Supplied records -
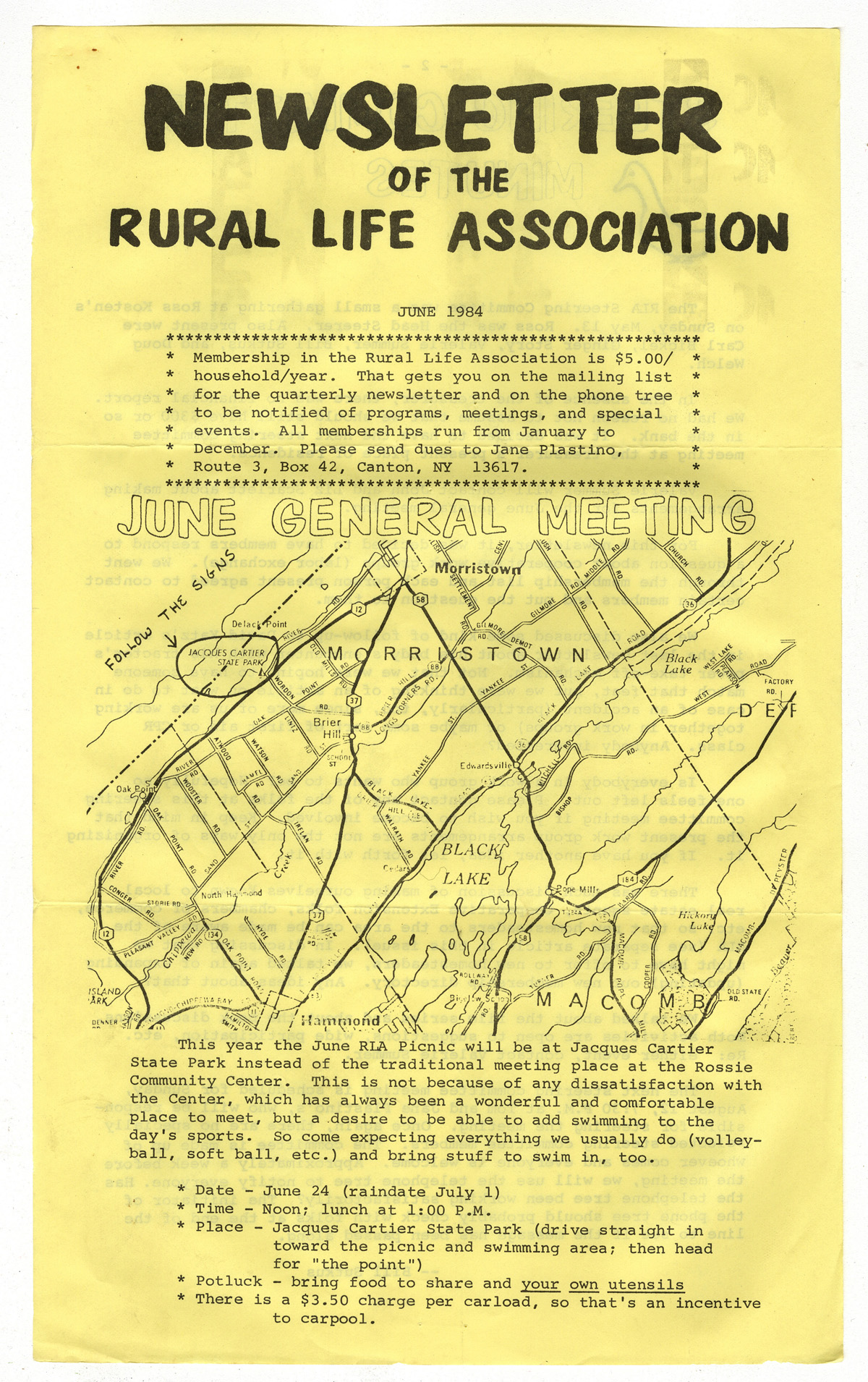 PDF:rla-newsletter-june-1984-1.pdf(447.85 KB) Overview Issue:Newsletter of the Rural Life Association; June 1984 Bibliographic Citation:"June General Meeting". Newsletter of the Rural Life Association. June (1984): 1. Journal Title:Newsletter of the Rural Life Association Creator: Subject: Source:Original format: Published in the Newsletter of the Rural Life Association, June 1984. Language:eng Start Page 1 Relation:Back to the Land Rights Rights Management:Original materials may be protected by the Copyright Law of the United States (more information). Technical Digitization Specifications:Scanned at 600ppi on Epson 1000XL scanner as 48-bit RGB uncompressed TIFF images. Images resized to 1200 pixels wide, 150 dpi, and saved as JPEG (level 7) in Photoshop CS4 with Unsharp Mask of 60:1. Date Digital:March 30, 2010 - 21:00 Format:text/html Type:Text
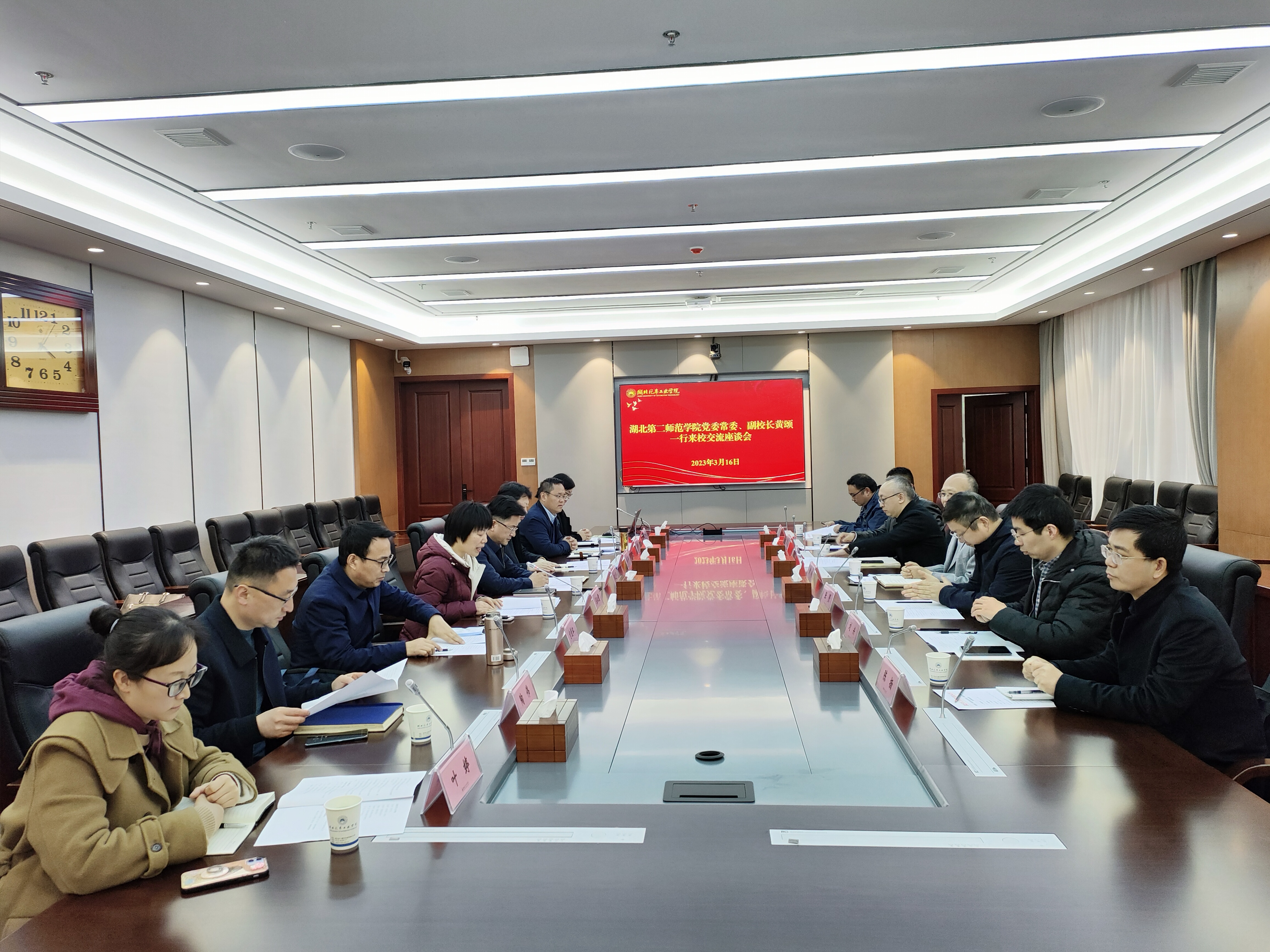 3月16日下午,湖北第二师范学院党委常委、副校长黄颂一行7人来校调研交流。我校党委书记张文学,党委常委、副校长张红霞热情接待,并在产教大楼三楼多功能会议室召开座谈交流会。座谈由张红霞主持。
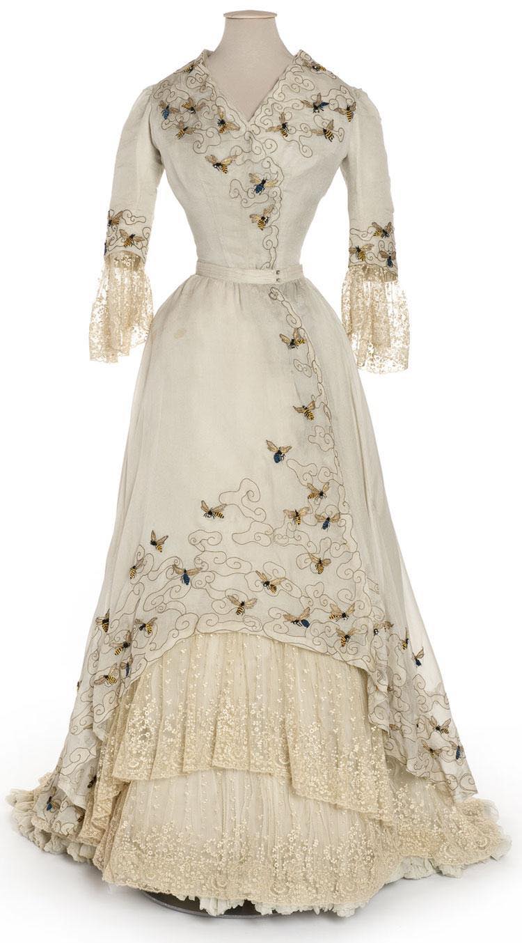 10. An exquisitely embroidered day dress with artfully arranged bees and swirling clouds by Jacques Doucet (ca. 1900-05)
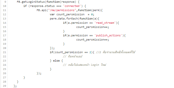 เมื่อมาถึงบรรทัดที่ 9 จะเห็นว่ามีการเรียก FB.api โดยเรียกกราฟ ไปยัง ขอบ persmission เพื่อดูว่าตอนนี้ คนใช้ให้สิทธิอะไรแก่แอปบ้าง แล้วก็ตรวจสอบว่ามีสิทธิที่เราต้องการครบหรือไม่ หาก ครบ ให้รันหน้าแอปต่อไป แต่ถ้าไม่ ให้ขึ้นหน้า login ใหม่ ที่ผมทำแบบนี้เพื่อป้องกันผู้ใช้ login มาจากแอปอื่น ที่อยู่ในบล็อกเดียวกันเพราะจะทำให้แอปของเราเอ๋อเนื่องจาก เรียกข้อมูลไปแต่โดนปฏิเสธ
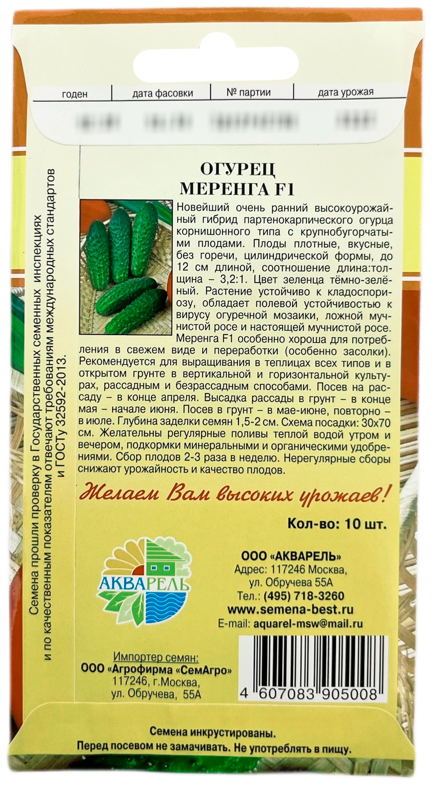 Огурец Меренга F1 АКВАРЕЛЬСуперранний (37-38дней), очень урожайный гибрид.
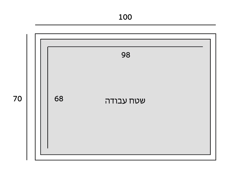 - שטח עבודה מומלץ בפועל: 98×68 ס״מ
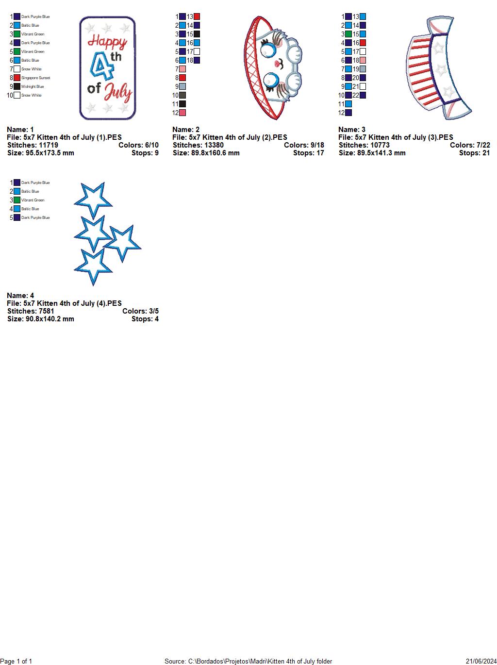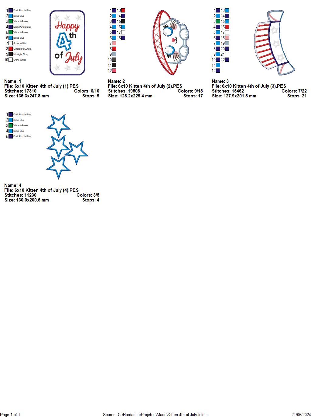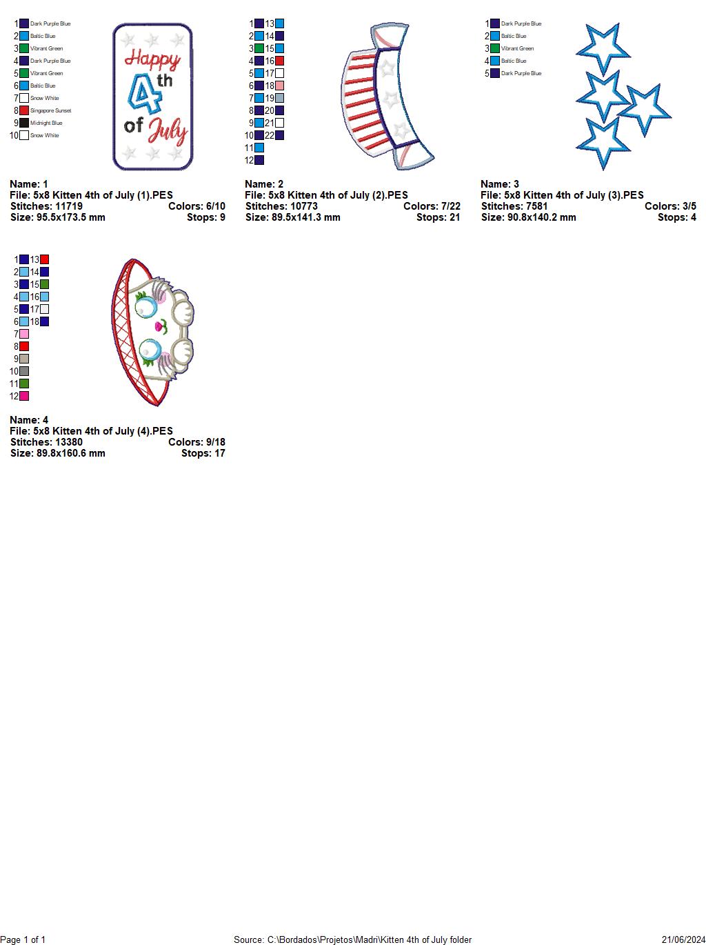 Kitten 4th of July - ITH Project - Machine Embroidery Design
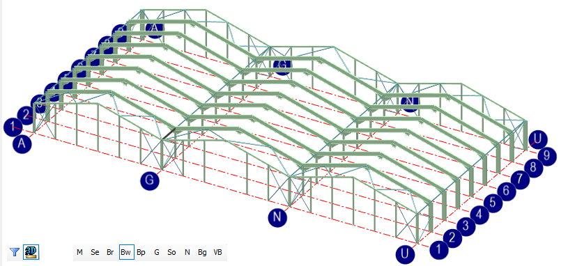 Additional design groups are included in the list of groups. As well as the main portal frames (M), groups have been automatically set up for the other various members of a 3D portal structure. Each of these groups will have design briefs applied to the groups of members. By selecting the relevant group letters at the bottom of the graphics area the associated design briefs will be selected.
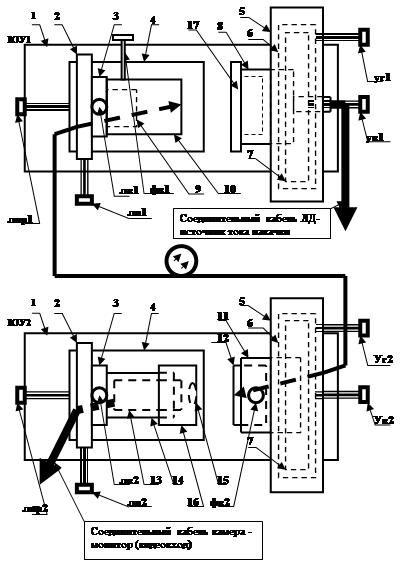 – взаимную юстировку торца исследуемого световода и телекамеры (ЮУ2).

Problem description -
Across the whole listing, reproduce each line verbatim and exclude every picture.

Problem solution -
 PDF:rla-newsletter-june-1984-1.pdf(447.85 KB) Overview Issue:Newsletter of the Rural Life Association; June 1984 Bibliographic Citation:"June General Meeting". Newsletter of the Rural Life Association. June (1984): 1. Journal Title:Newsletter of the Rural Life Association Creator: Subject: Source:Original format: Published in the Newsletter of the Rural Life Association, June 1984. Language:eng Start Page 1 Relation:Back to the Land Rights Rights Management:Original materials may be protected by the Copyright Law of the United States (more information). Technical Digitization Specifications:Scanned at 600ppi on Epson 1000XL scanner as 48-bit RGB uncompressed TIFF images. Images resized to 1200 pixels wide, 150 dpi, and saved as JPEG (level 7) in Photoshop CS4 with Unsharp Mask of 60:1. Date Digital:March 30, 2010 - 21:00 Format:text/html Type:Text
 3月16日下午,湖北第二师范学院党委常委、副校长黄颂一行7人来校调研交流。我校党委书记张文学,党委常委、副校长张红霞热情接待,并在产教大楼三楼多功能会议室召开座谈交流会。座谈由张红霞主持。
 10. An exquisitely embroidered day dress with artfully arranged bees and swirling clouds by Jacques Doucet (ca. 1900-05)
 เมื่อมาถึงบรรทัดที่ 9 จะเห็นว่ามีการเรียก FB.api โดยเรียกกราฟ ไปยัง ขอบ persmission เพื่อดูว่าตอนนี้ คนใช้ให้สิทธิอะไรแก่แอปบ้าง แล้วก็ตรวจสอบว่ามีสิทธิที่เราต้องการครบหรือไม่ หาก ครบ ให้รันหน้าแอปต่อไป แต่ถ้าไม่ ให้ขึ้นหน้า login ใหม่ ที่ผมทำแบบนี้เพื่อป้องกันผู้ใช้ login มาจากแอปอื่น ที่อยู่ในบล็อกเดียวกันเพราะจะทำให้แอปของเราเอ๋อเนื่องจาก เรียกข้อมูลไปแต่โดนปฏิเสธ
 Огурец Меренга F1 АКВАРЕЛЬСуперранний (37-38дней), очень урожайный гибрид.
 - שטח עבודה מומלץ בפועל: 98×68 ס״מ
 Kitten 4th of July - ITH Project - Machine Embroidery Design
 Additional design groups are included in the list of groups. As well as the main portal frames (M), groups have been automatically set up for the other various members of a 3D portal structure. Each of these groups will have design briefs applied to the groups of members. By selecting the relevant group letters at the bottom of the graphics area the associated design briefs will be selected.
 – взаимную юстировку торца исследуемого световода и телекамеры (ЮУ2).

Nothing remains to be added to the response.